----- Provided records

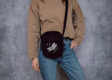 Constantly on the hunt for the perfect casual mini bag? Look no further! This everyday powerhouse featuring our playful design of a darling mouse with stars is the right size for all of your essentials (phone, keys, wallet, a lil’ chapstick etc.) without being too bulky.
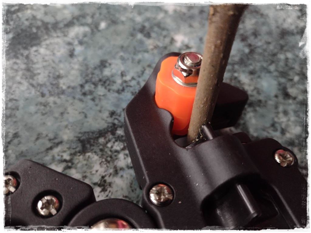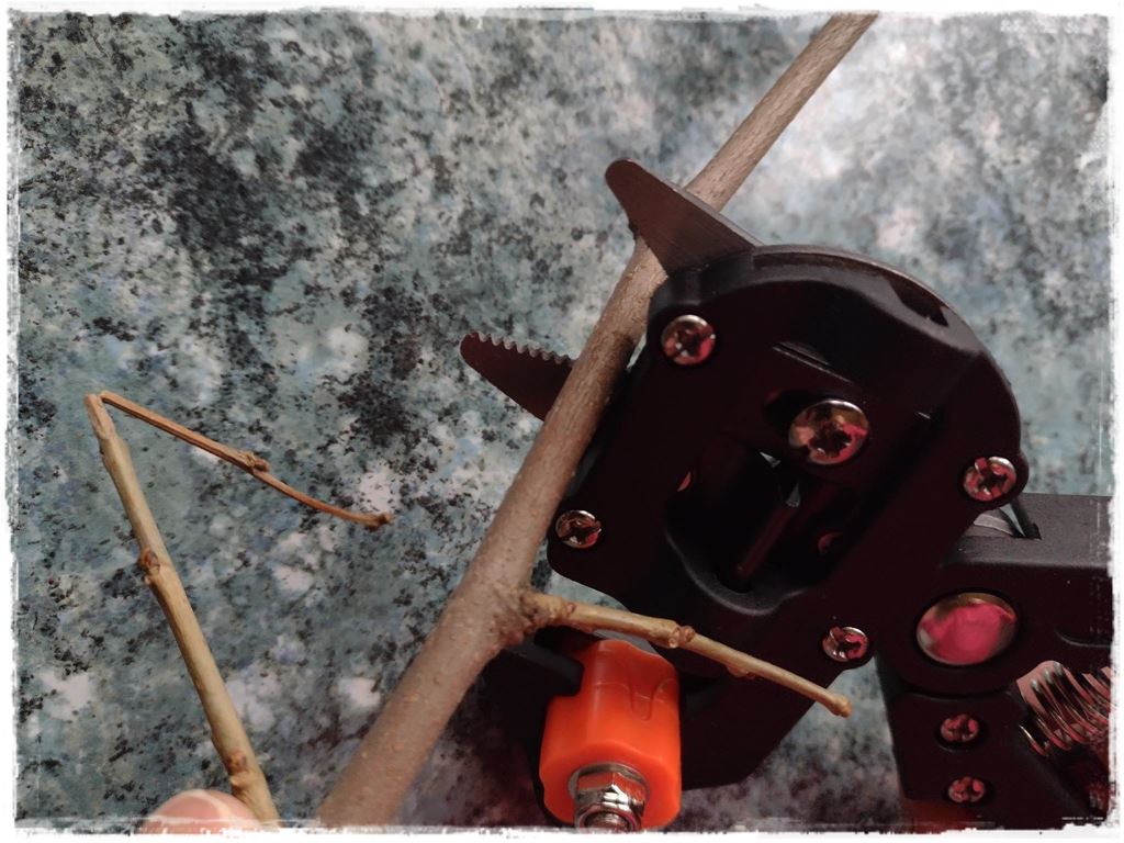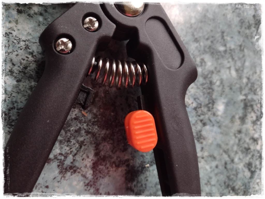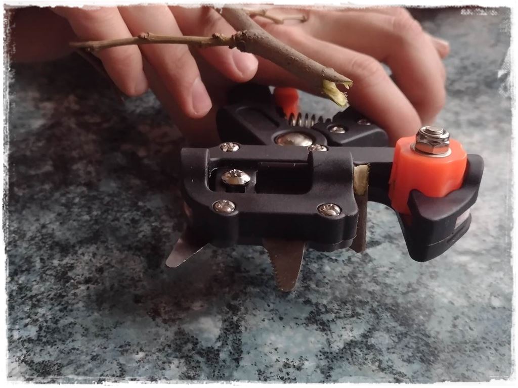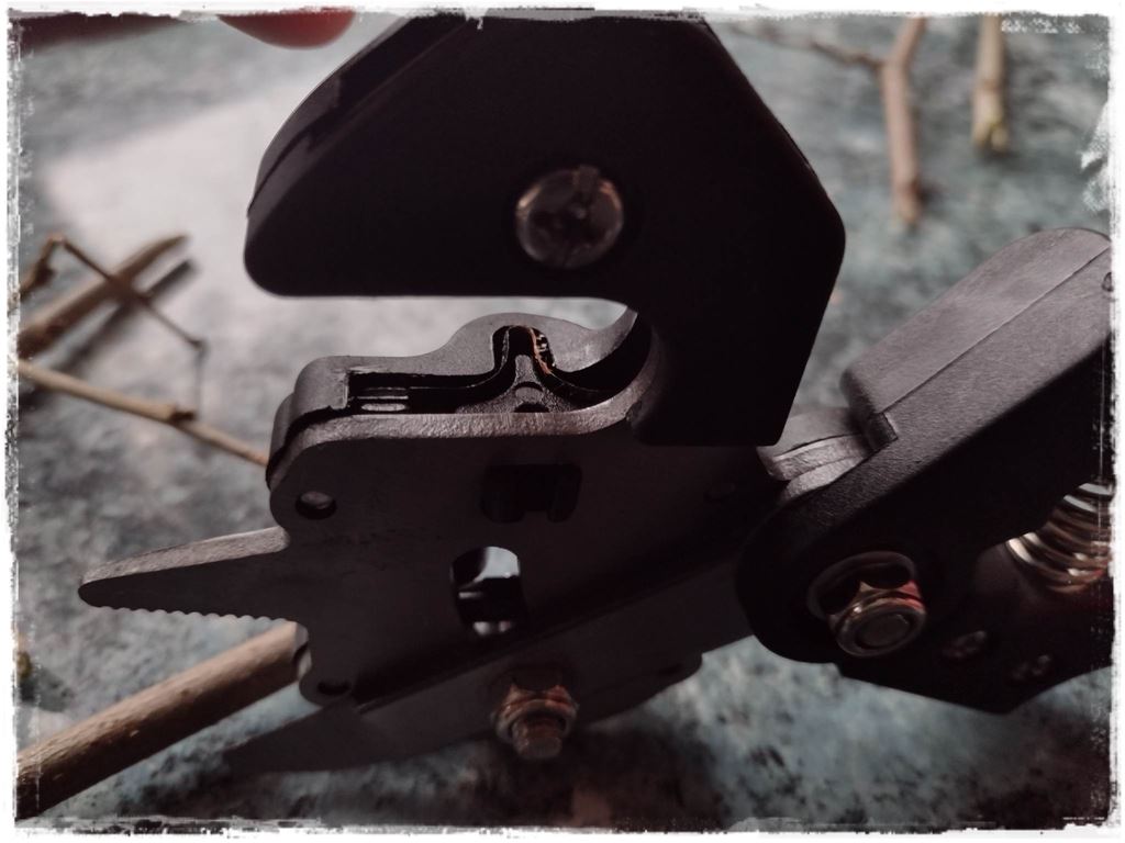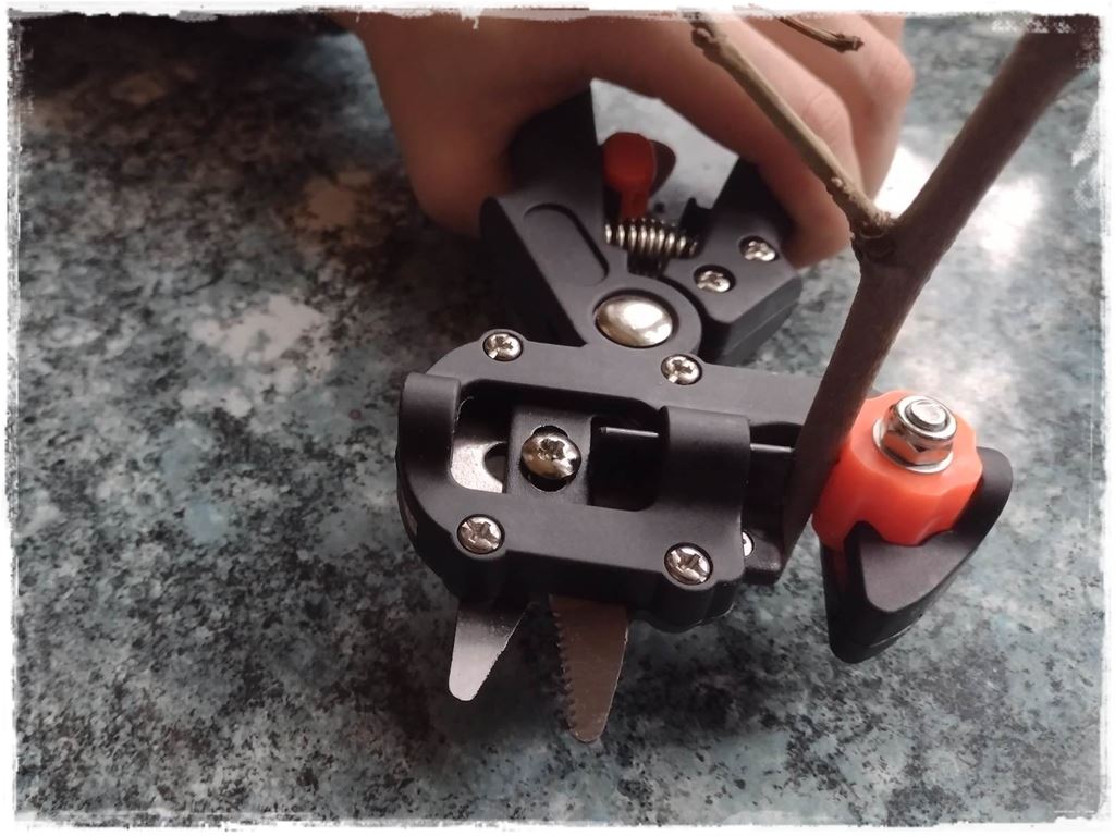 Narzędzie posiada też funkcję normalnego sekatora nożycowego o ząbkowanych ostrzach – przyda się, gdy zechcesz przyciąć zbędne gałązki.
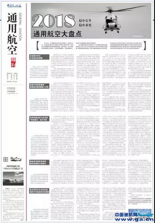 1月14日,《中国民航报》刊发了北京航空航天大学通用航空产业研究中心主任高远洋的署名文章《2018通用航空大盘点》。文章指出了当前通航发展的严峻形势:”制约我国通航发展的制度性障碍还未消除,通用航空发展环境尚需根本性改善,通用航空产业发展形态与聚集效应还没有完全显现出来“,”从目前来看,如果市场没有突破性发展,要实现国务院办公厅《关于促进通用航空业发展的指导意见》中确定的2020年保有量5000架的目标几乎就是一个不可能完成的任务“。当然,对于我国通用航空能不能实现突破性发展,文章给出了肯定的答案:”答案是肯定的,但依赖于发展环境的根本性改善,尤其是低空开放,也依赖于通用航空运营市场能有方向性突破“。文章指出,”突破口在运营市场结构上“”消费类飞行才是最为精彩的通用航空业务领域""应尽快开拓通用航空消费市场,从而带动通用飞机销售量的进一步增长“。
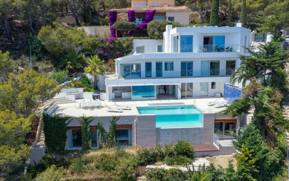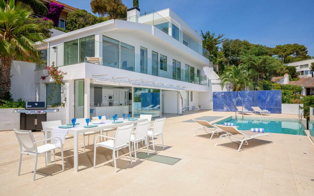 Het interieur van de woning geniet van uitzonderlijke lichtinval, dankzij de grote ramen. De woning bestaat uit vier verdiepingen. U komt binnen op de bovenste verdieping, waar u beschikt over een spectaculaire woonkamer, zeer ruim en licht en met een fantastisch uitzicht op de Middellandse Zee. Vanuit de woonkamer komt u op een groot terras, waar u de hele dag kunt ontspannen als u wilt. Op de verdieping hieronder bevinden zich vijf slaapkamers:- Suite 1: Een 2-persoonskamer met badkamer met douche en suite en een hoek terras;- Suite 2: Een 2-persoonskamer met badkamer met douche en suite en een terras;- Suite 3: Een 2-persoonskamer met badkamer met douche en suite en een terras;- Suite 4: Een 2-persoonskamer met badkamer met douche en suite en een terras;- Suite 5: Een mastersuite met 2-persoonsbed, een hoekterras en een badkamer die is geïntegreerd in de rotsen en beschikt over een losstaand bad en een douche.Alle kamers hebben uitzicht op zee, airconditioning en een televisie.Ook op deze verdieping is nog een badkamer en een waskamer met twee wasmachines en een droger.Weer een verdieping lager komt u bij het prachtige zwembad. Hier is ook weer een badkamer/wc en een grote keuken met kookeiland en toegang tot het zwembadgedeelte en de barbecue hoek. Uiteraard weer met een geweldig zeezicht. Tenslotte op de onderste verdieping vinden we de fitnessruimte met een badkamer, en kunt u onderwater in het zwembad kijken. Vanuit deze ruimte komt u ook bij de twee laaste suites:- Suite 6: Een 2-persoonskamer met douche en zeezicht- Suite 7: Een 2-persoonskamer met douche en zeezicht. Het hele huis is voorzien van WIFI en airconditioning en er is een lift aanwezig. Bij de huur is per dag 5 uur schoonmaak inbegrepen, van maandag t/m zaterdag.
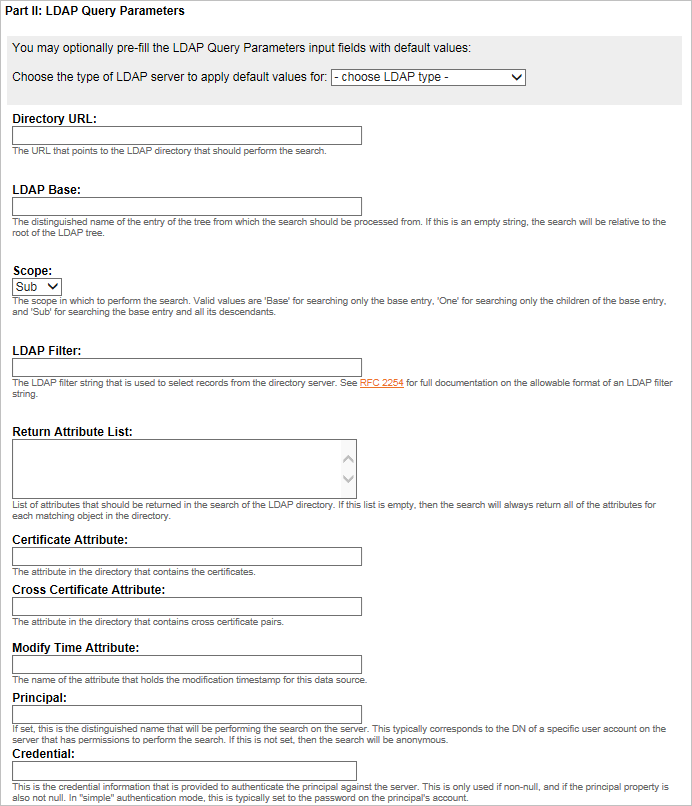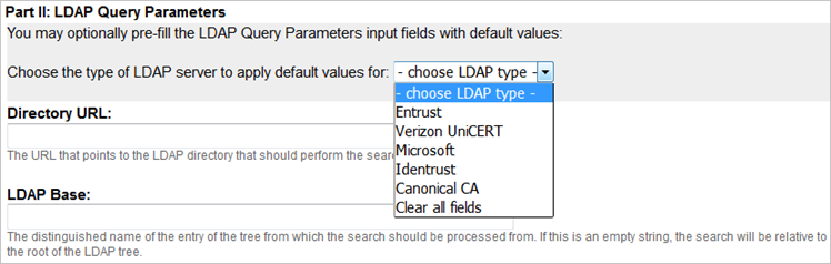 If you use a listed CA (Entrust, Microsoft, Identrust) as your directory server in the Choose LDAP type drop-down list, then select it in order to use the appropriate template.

----------

What is being asked:
Give back the listing exactly, without a single picture.

Your solution:
 Constantly on the hunt for the perfect casual mini bag? Look no further! This everyday powerhouse featuring our playful design of a darling mouse with stars is the right size for all of your essentials (phone, keys, wallet, a lil’ chapstick etc.) without being too bulky.
 Narzędzie posiada też funkcję normalnego sekatora nożycowego o ząbkowanych ostrzach – przyda się, gdy zechcesz przyciąć zbędne gałązki.
 1月14日,《中国民航报》刊发了北京航空航天大学通用航空产业研究中心主任高远洋的署名文章《2018通用航空大盘点》。文章指出了当前通航发展的严峻形势:”制约我国通航发展的制度性障碍还未消除,通用航空发展环境尚需根本性改善,通用航空产业发展形态与聚集效应还没有完全显现出来“,”从目前来看,如果市场没有突破性发展,要实现国务院办公厅《关于促进通用航空业发展的指导意见》中确定的2020年保有量5000架的目标几乎就是一个不可能完成的任务“。当然,对于我国通用航空能不能实现突破性发展,文章给出了肯定的答案:”答案是肯定的,但依赖于发展环境的根本性改善,尤其是低空开放,也依赖于通用航空运营市场能有方向性突破“。文章指出,”突破口在运营市场结构上“”消费类飞行才是最为精彩的通用航空业务领域""应尽快开拓通用航空消费市场,从而带动通用飞机销售量的进一步增长“。
 Het interieur van de woning geniet van uitzonderlijke lichtinval, dankzij de grote ramen. De woning bestaat uit vier verdiepingen. U komt binnen op de bovenste verdieping, waar u beschikt over een spectaculaire woonkamer, zeer ruim en licht en met een fantastisch uitzicht op de Middellandse Zee. Vanuit de woonkamer komt u op een groot terras, waar u de hele dag kunt ontspannen als u wilt. Op de verdieping hieronder bevinden zich vijf slaapkamers:- Suite 1: Een 2-persoonskamer met badkamer met douche en suite en een hoek terras;- Suite 2: Een 2-persoonskamer met badkamer met douche en suite en een terras;- Suite 3: Een 2-persoonskamer met badkamer met douche en suite en een terras;- Suite 4: Een 2-persoonskamer met badkamer met douche en suite en een terras;- Suite 5: Een mastersuite met 2-persoonsbed, een hoekterras en een badkamer die is geïntegreerd in de rotsen en beschikt over een losstaand bad en een douche.Alle kamers hebben uitzicht op zee, airconditioning en een televisie.Ook op deze verdieping is nog een badkamer en een waskamer met twee wasmachines en een droger.Weer een verdieping lager komt u bij het prachtige zwembad. Hier is ook weer een badkamer/wc en een grote keuken met kookeiland en toegang tot het zwembadgedeelte en de barbecue hoek. Uiteraard weer met een geweldig zeezicht. Tenslotte op de onderste verdieping vinden we de fitnessruimte met een badkamer, en kunt u onderwater in het zwembad kijken. Vanuit deze ruimte komt u ook bij de twee laaste suites:- Suite 6: Een 2-persoonskamer met douche en zeezicht- Suite 7: Een 2-persoonskamer met douche en zeezicht. Het hele huis is voorzien van WIFI en airconditioning en er is een lift aanwezig. Bij de huur is per dag 5 uur schoonmaak inbegrepen, van maandag t/m zaterdag.
 If you use a listed CA (Entrust, Microsoft, Identrust) as your directory server in the Choose LDAP type drop-down list, then select it in order to use the appropriate template.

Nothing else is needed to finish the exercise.